The Bergman-Shilov boundary for subfamilies of $q$-plurisubharmonic functions

TL;DR

This paper defines and studies the Bergman-Shilov boundary for subclasses of upper-semicontinuous functions, establishing existence, uniqueness, and geometric properties, with applications to $q$-plurisubharmonic functions on convex domains.

Contribution

It introduces a new notion of the Shilov boundary for subclasses of functions and relates it to peak points and geometric structures, extending classical theorems.

Findings

Existence and uniqueness of the Shilov boundary for certain subclasses.

A geometric characterization of the Shilov boundary for $q$-plurisubharmonic functions.
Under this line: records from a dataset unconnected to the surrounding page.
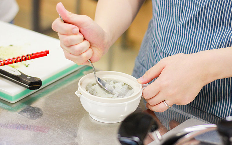 野菜やおかゆを、すりつぶしたり、裏ごししたり。出汁や白湯を加えながら、舌の上に乗せてゴクンと飲み込めるくらいまで、やわらかなペースト状にしていきます。
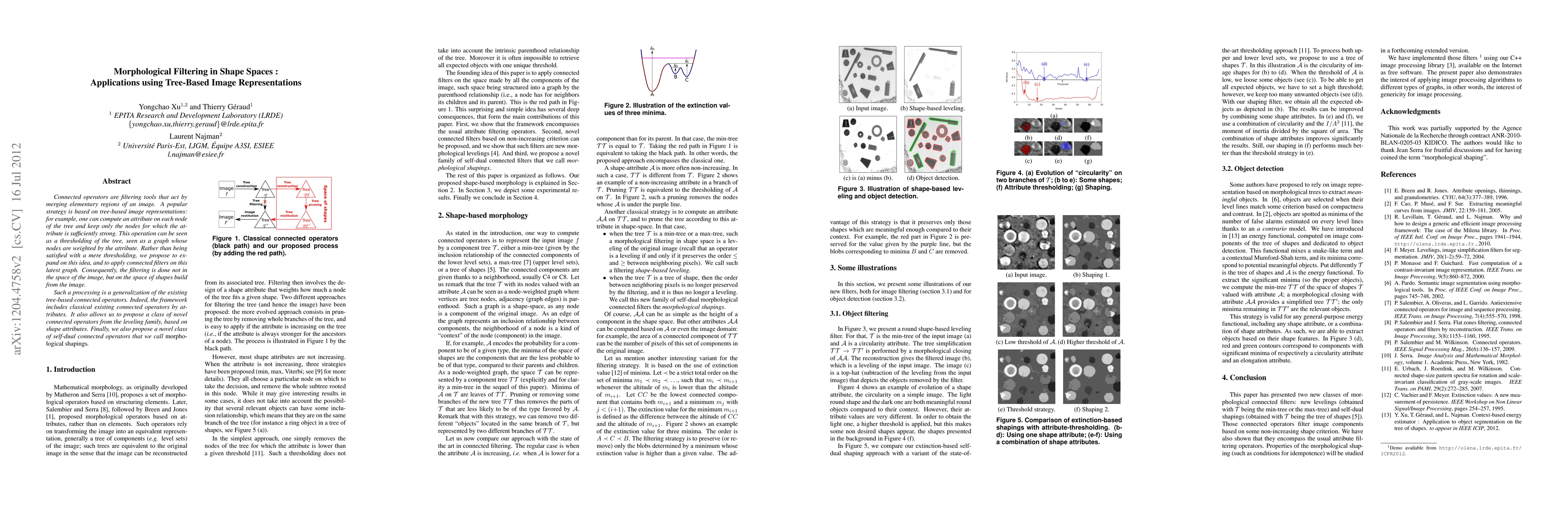 This paper proposes a novel morphological filtering approach in shape spaces using tree-based image representations, extending existing connected operators by applying filters on shape attributes derived from the image. It introduces new connected operators based on shape attributes and self-dual morphological shapings.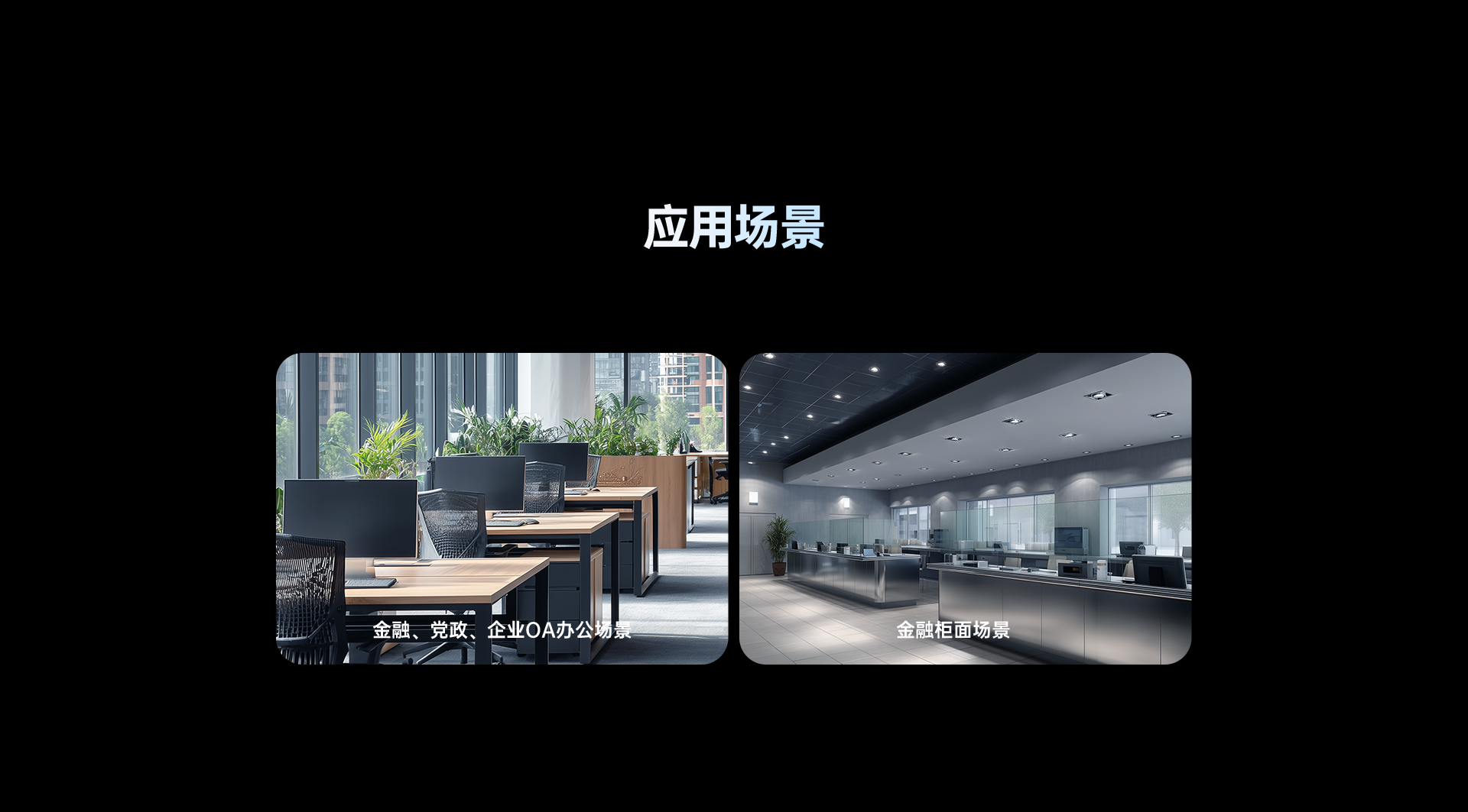 知足党政、金融等要害领域的高清静办公需求,,,,,实现 “自主可控、清静可信” 的双重包管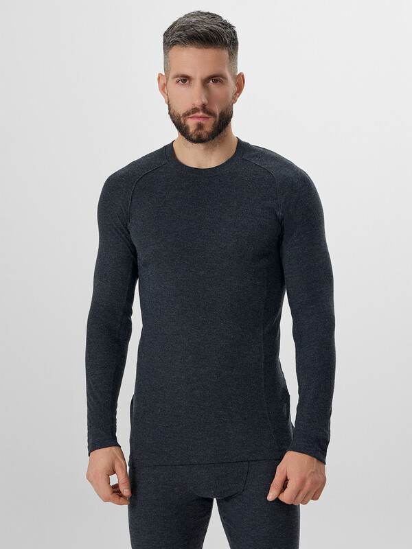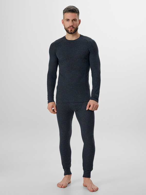 Комплект выполнен из трикотажного полотна рибана "термо", кулирка. Фуфайка прилегающего силуэта. Горловина V-образной формы, обработана обтачкой из основного полотна. Рукава 2-хшовные, реглан. Рельефы переда, спинки и рукавов стачены на специальной машине цепного стежка, швом "флэт-лок". Нижние срезы спинки и переда фигурной формы, спинка удлиненная. Нижние срезы фуфайки и рукавов обработаны швом вподгибку, на 2х-игольной плоскошовной машине, с открытым срезом. Кальсоны облегающего силуэта, без боковых швов. Пояс цельнокроеный с эластичной тесьмой внутри. На передней части усилительная планка на подкладке из кулирки. Задняя деталь притачена к передне-задним частям на специальной машине (строчка флэт-лок). Нижние срезы с притачными манжетами. 50% Viloft (вискоза); 50% Trevira (полиэстер) Комментарии к товару

Parts of the boundary are foliated by complex submanifolds in smooth pseudoconvex domains.

Abstract

We introduce a notion of the Bergman-Shilov (or Shilov) boundary for some subclasses of upper-semicontinuous functions on a compact Hausdorff space. It is by definition the smallest closed subset of the given space on which all functions of that subclass attain their maximum. For certain subclasses with simple structure one can show the existence and uniqueness of the Shilov boundary. Then we provide its relation to the set of peak points and establish Bishop-type theorems. As an application we obtain a generalization of Bychkov's theorem which gives a geometric characterization of the Shilov boundary for $q$-plurisubharmonic functions on convex bounded domains. In the case of bounded pesudoconvex domains with smooth boundary we also show that some parts of the Shilov boundary for $q$-plurisubharmonic functions are foliated by $q$-dimensional complex submanifolds.